* **Information shown**
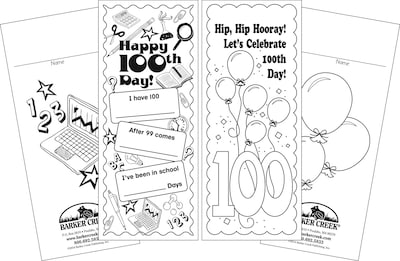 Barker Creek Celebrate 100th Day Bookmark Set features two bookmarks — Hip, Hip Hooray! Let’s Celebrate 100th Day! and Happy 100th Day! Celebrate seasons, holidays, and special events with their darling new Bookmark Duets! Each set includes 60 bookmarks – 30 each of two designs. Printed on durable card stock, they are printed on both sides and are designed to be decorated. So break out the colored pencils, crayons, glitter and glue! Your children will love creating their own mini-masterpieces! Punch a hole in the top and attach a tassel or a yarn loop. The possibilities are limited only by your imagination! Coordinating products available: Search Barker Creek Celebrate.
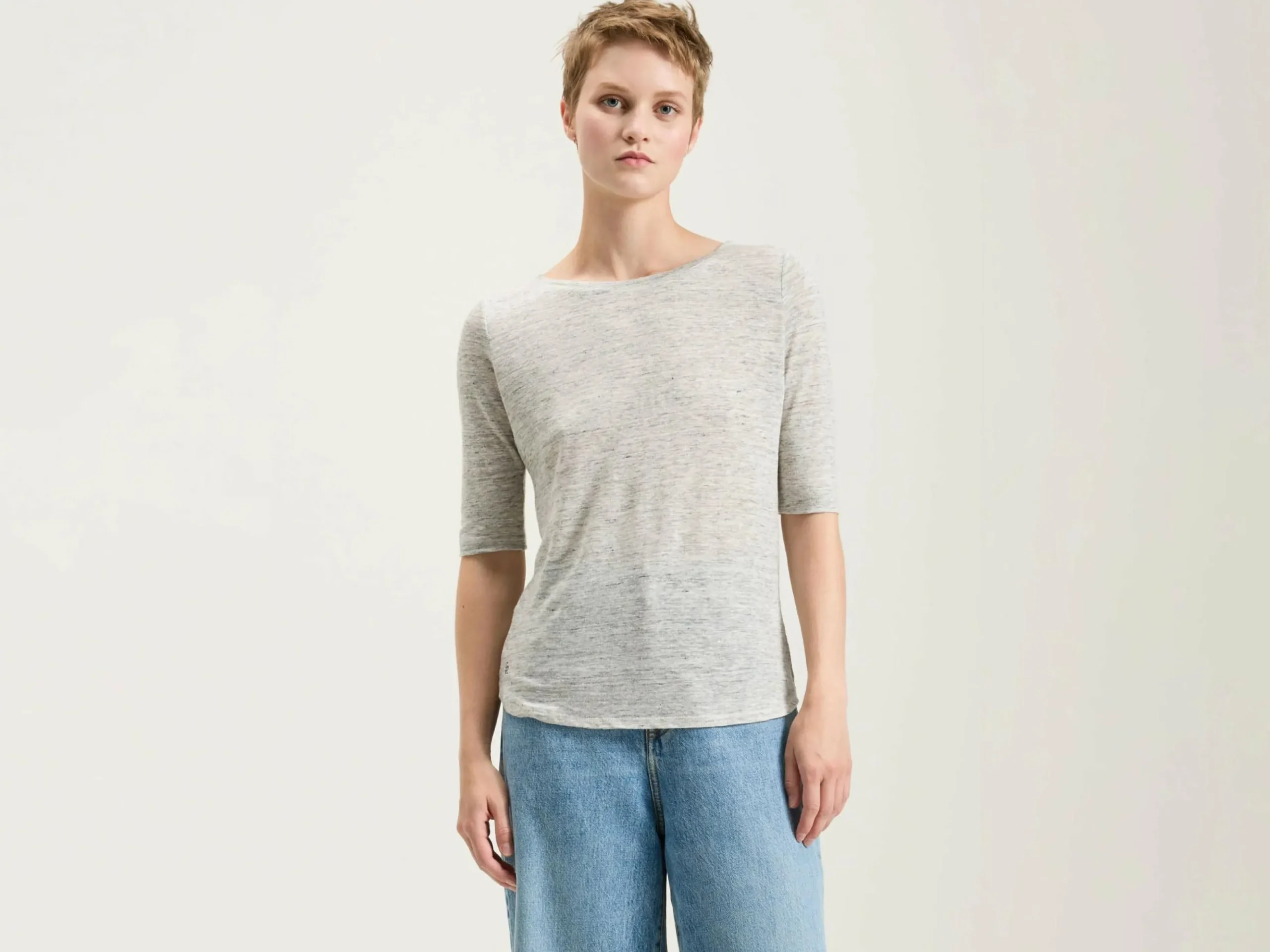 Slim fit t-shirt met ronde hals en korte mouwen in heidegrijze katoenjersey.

--

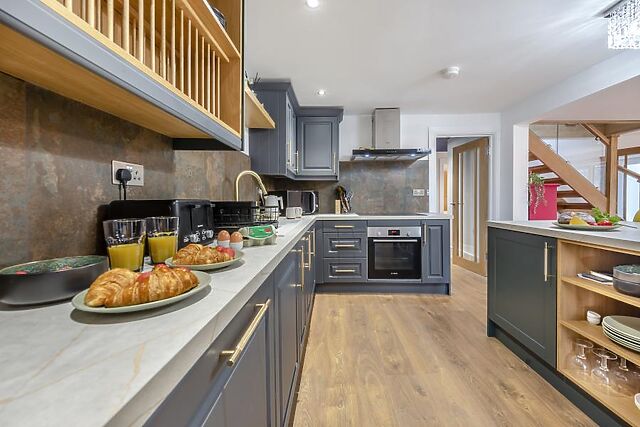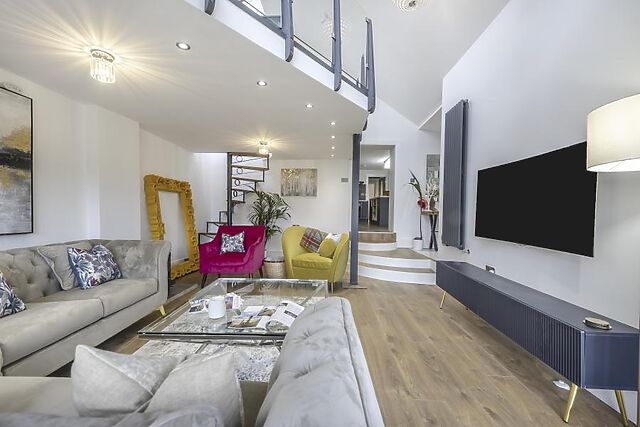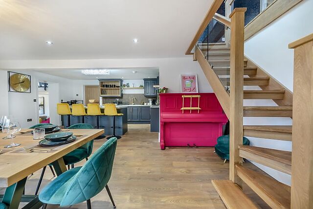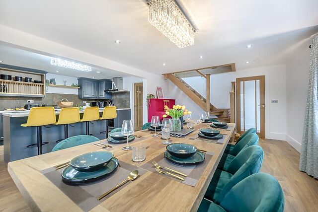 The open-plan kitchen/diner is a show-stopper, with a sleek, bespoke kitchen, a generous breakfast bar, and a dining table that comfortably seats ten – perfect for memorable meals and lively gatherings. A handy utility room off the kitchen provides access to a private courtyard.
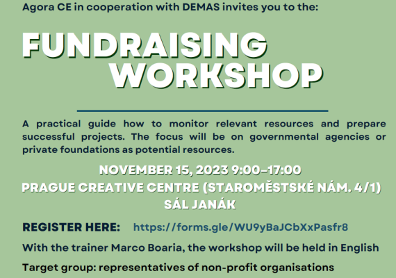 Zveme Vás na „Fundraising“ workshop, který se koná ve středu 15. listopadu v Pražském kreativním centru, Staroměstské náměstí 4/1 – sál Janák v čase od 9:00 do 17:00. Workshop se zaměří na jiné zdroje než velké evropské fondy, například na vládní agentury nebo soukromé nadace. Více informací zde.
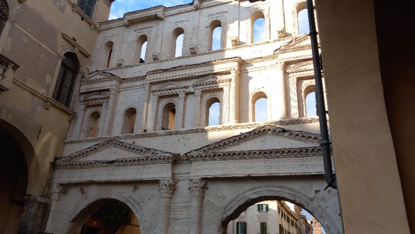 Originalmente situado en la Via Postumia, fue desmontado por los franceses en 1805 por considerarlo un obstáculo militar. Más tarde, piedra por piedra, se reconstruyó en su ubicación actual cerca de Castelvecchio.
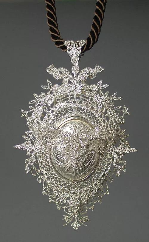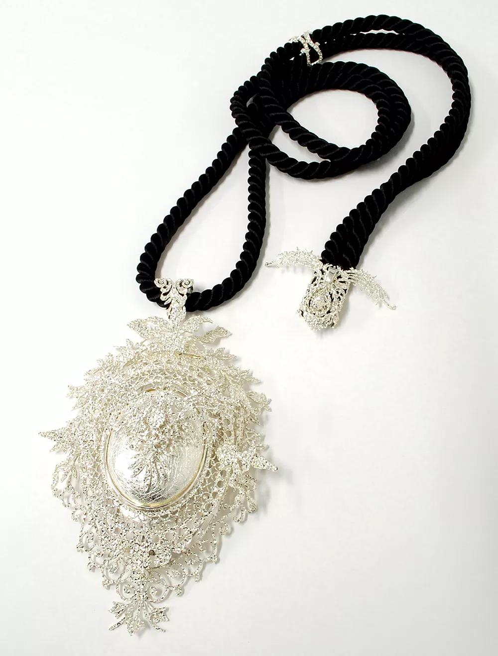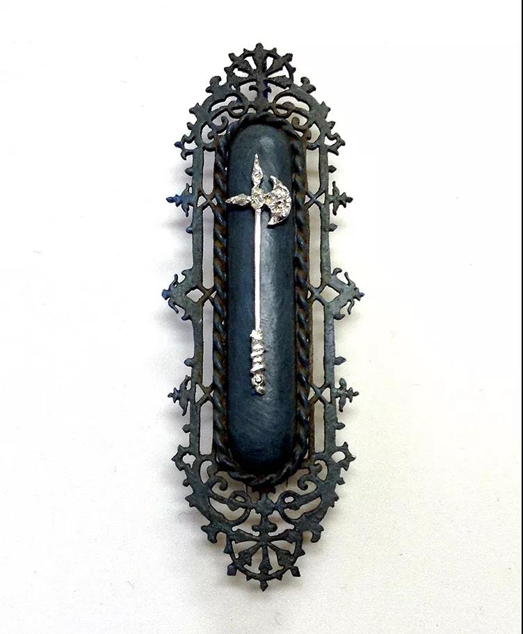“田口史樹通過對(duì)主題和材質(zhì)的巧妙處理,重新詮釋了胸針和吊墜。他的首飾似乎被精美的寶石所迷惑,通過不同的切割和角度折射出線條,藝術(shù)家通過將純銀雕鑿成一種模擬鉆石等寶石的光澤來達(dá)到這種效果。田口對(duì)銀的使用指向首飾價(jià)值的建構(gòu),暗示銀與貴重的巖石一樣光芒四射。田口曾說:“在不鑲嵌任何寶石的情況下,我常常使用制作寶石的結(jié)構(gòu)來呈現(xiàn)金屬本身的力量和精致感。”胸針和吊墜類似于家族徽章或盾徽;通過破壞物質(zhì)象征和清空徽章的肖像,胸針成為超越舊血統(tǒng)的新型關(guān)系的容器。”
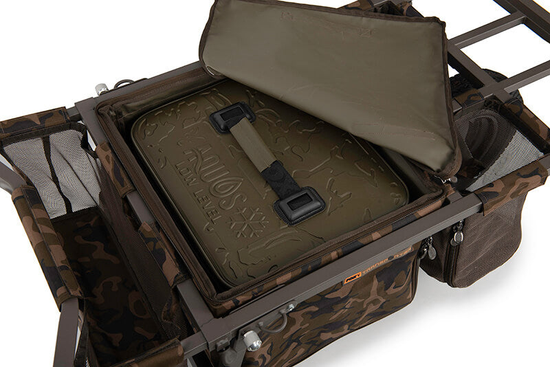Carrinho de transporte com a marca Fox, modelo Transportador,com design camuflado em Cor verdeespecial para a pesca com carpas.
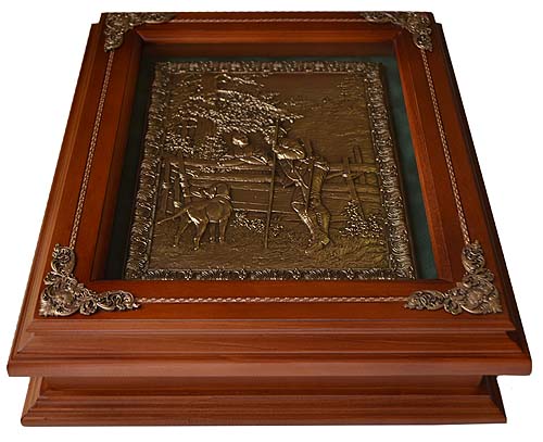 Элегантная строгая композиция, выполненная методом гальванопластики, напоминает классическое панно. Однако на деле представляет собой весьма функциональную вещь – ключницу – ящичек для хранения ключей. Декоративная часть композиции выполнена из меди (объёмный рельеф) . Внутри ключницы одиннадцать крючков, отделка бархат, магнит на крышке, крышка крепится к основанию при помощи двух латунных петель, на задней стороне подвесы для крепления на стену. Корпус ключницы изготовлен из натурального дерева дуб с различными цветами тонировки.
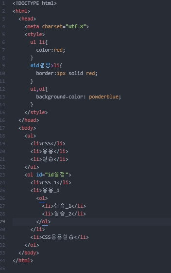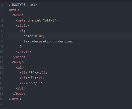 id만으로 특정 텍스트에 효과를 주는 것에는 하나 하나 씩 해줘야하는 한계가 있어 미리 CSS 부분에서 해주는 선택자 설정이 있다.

---

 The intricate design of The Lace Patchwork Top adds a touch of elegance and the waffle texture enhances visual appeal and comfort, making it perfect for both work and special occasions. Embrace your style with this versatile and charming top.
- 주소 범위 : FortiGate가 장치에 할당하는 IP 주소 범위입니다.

* **Task to complete**
Of the records above, print only the lines from the one containing "Barker Creek Celebrate 100th" through the one containing "Slim fit t-shirt", inclusive and unaltered, leaving out pictures.

* **Output for this exercise**
 Barker Creek Celebrate 100th Day Bookmark Set features two bookmarks — Hip, Hip Hooray! Let’s Celebrate 100th Day! and Happy 100th Day! Celebrate seasons, holidays, and special events with their darling new Bookmark Duets! Each set includes 60 bookmarks – 30 each of two designs. Printed on durable card stock, they are printed on both sides and are designed to be decorated. So break out the colored pencils, crayons, glitter and glue! Your children will love creating their own mini-masterpieces! Punch a hole in the top and attach a tassel or a yarn loop. The possibilities are limited only by your imagination! Coordinating products available: Search Barker Creek Celebrate.
 Slim fit t-shirt met ronde hals en korte mouwen in heidegrijze katoenjersey.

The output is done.